| TRY IT |
After removing every image, reproduce the data exactly as it appears.

***** RAW DATA *****

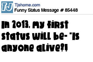 - # 104730 In 2013, my first status will be “is anyone alive?”
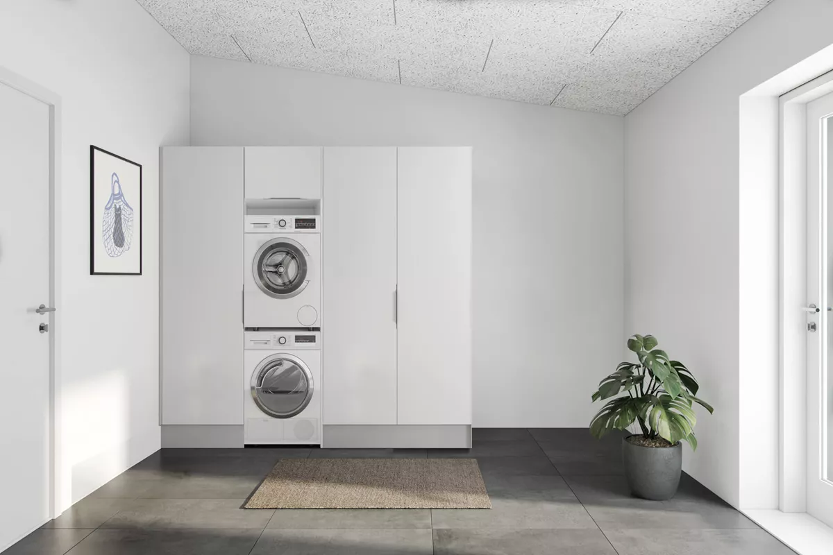 Boligen byder velkommen gennem den store entre, hvor du finder store fastmonterede skabe samt vaskemaskine og tørretumbler. Skulle du have brug for mere opbevaringsplads, er der ligeledes gjort plads til det.
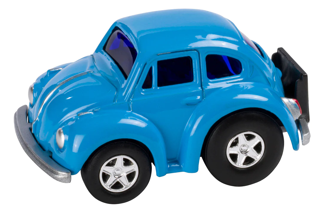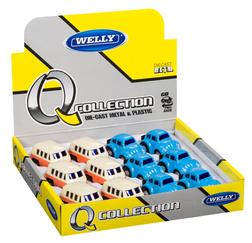 Modeled off classic Volkswagen models, this Welly Q Collection of miniature toy cars includes 2 Volkswagen vehicles. A display case holds 6 bright blue VW Beetles and 6 orange and beige VW vans. Both have black wheels and windows. These tiny 2-inch-long toy cars are made with high-quality die-cast metal and plastic materials. Each one has pull-back motion for immediate driving action.
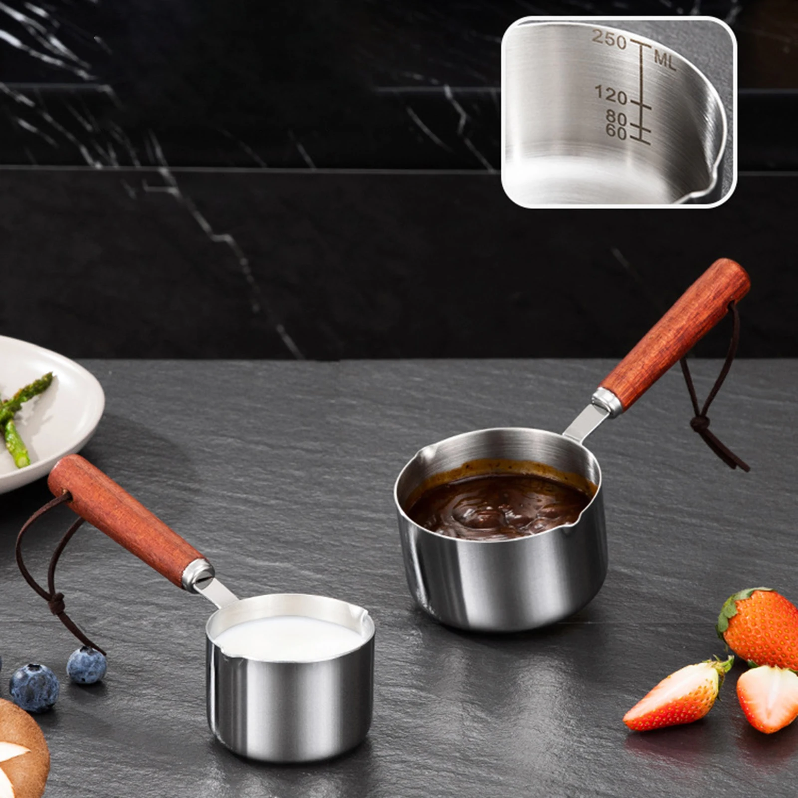 304 Stainless Steel Mini Soup Pot with Wooden Handle Condiment Sauce Pan Small Saucepan for Making Sauces Heating Milk Kitchen

*****

| RESPONSE AREA |
 - # 104730 In 2013, my first status will be “is anyone alive?”
 Boligen byder velkommen gennem den store entre, hvor du finder store fastmonterede skabe samt vaskemaskine og tørretumbler. Skulle du have brug for mere opbevaringsplads, er der ligeledes gjort plads til det.
 Modeled off classic Volkswagen models, this Welly Q Collection of miniature toy cars includes 2 Volkswagen vehicles. A display case holds 6 bright blue VW Beetles and 6 orange and beige VW vans. Both have black wheels and windows. These tiny 2-inch-long toy cars are made with high-quality die-cast metal and plastic materials. Each one has pull-back motion for immediate driving action.
 304 Stainless Steel Mini Soup Pot with Wooden Handle Condiment Sauce Pan Small Saucepan for Making Sauces Heating Milk Kitchen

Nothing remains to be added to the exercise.